> [Data for the task]:
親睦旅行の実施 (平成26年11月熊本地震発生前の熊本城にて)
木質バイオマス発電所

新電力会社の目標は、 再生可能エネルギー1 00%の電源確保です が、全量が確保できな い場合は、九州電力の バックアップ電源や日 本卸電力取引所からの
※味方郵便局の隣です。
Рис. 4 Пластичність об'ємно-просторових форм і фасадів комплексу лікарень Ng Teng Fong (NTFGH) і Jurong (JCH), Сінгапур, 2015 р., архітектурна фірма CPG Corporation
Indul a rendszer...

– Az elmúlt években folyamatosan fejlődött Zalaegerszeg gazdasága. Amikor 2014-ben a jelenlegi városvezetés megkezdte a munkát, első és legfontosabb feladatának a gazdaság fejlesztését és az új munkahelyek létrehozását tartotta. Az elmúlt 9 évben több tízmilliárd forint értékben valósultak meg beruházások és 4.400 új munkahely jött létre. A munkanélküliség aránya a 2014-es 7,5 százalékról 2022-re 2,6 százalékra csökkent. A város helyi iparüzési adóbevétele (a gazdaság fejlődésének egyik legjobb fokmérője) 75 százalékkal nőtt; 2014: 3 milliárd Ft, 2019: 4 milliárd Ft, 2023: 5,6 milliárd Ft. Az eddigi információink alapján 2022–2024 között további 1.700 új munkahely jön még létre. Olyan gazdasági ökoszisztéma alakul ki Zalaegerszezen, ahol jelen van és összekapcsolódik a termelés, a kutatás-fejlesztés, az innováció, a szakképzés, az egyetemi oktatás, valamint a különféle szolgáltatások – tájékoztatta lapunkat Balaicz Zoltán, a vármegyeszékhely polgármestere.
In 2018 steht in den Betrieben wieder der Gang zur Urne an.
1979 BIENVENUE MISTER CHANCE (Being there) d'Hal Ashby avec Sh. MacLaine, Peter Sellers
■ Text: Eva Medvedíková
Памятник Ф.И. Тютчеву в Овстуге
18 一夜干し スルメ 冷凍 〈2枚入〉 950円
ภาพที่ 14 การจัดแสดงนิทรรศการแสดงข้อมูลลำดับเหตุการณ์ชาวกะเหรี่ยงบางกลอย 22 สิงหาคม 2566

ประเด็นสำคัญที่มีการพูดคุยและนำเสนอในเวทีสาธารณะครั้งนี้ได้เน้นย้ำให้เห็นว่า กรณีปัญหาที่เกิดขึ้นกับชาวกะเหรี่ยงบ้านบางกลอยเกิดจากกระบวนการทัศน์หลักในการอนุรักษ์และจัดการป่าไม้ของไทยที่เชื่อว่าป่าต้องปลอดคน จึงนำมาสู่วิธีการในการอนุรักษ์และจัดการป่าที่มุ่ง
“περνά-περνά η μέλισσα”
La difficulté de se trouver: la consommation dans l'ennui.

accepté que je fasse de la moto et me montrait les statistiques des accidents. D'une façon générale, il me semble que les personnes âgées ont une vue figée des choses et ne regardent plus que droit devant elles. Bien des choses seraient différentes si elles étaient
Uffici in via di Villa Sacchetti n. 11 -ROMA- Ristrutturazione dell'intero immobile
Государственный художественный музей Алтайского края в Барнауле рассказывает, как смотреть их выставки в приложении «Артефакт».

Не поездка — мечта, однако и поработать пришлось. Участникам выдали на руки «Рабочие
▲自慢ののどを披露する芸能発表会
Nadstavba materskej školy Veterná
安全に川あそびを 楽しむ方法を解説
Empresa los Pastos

> [Assignment]: When the material above has been read, copy all of it exactly.

> [Exercise result]:
親睦旅行の実施 (平成26年11月熊本地震発生前の熊本城にて)
木質バイオマス発電所

新電力会社の目標は、 再生可能エネルギー1 00%の電源確保です が、全量が確保できな い場合は、九州電力の バックアップ電源や日 本卸電力取引所からの
※味方郵便局の隣です。
Рис. 4 Пластичність об'ємно-просторових форм і фасадів комплексу лікарень Ng Teng Fong (NTFGH) і Jurong (JCH), Сінгапур, 2015 р., архітектурна фірма CPG Corporation
Indul a rendszer...

– Az elmúlt években folyamatosan fejlődött Zalaegerszeg gazdasága. Amikor 2014-ben a jelenlegi városvezetés megkezdte a munkát, első és legfontosabb feladatának a gazdaság fejlesztését és az új munkahelyek létrehozását tartotta. Az elmúlt 9 évben több tízmilliárd forint értékben valósultak meg beruházások és 4.400 új munkahely jött létre. A munkanélküliség aránya a 2014-es 7,5 százalékról 2022-re 2,6 százalékra csökkent. A város helyi iparüzési adóbevétele (a gazdaság fejlődésének egyik legjobb fokmérője) 75 százalékkal nőtt; 2014: 3 milliárd Ft, 2019: 4 milliárd Ft, 2023: 5,6 milliárd Ft. Az eddigi információink alapján 2022–2024 között további 1.700 új munkahely jön még létre. Olyan gazdasági ökoszisztéma alakul ki Zalaegerszezen, ahol jelen van és összekapcsolódik a termelés, a kutatás-fejlesztés, az innováció, a szakképzés, az egyetemi oktatás, valamint a különféle szolgáltatások – tájékoztatta lapunkat Balaicz Zoltán, a vármegyeszékhely polgármestere.
In 2018 steht in den Betrieben wieder der Gang zur Urne an.
1979 BIENVENUE MISTER CHANCE (Being there) d'Hal Ashby avec Sh. MacLaine, Peter Sellers
■ Text: Eva Medvedíková
Памятник Ф.И. Тютчеву в Овстуге
18 一夜干し スルメ 冷凍 〈2枚入〉 950円
ภาพที่ 14 การจัดแสดงนิทรรศการแสดงข้อมูลลำดับเหตุการณ์ชาวกะเหรี่ยงบางกลอย 22 สิงหาคม 2566

ประเด็นสำคัญที่มีการพูดคุยและนำเสนอในเวทีสาธารณะครั้งนี้ได้เน้นย้ำให้เห็นว่า กรณีปัญหาที่เกิดขึ้นกับชาวกะเหรี่ยงบ้านบางกลอยเกิดจากกระบวนการทัศน์หลักในการอนุรักษ์และจัดการป่าไม้ของไทยที่เชื่อว่าป่าต้องปลอดคน จึงนำมาสู่วิธีการในการอนุรักษ์และจัดการป่าที่มุ่ง
“περνά-περνά η μέλισσα”
La difficulté de se trouver: la consommation dans l'ennui.

accepté que je fasse de la moto et me montrait les statistiques des accidents. D'une façon générale, il me semble que les personnes âgées ont une vue figée des choses et ne regardent plus que droit devant elles. Bien des choses seraient différentes si elles étaient
Uffici in via di Villa Sacchetti n. 11 -ROMA- Ristrutturazione dell'intero immobile
Государственный художественный музей Алтайского края в Барнауле рассказывает, как смотреть их выставки в приложении «Артефакт».

Не поездка — мечта, однако и поработать пришлось. Участникам выдали на руки «Рабочие
▲自慢ののどを披露する芸能発表会
Nadstavba materskej školy Veterná
安全に川あそびを 楽しむ方法を解説
Empresa los Pastos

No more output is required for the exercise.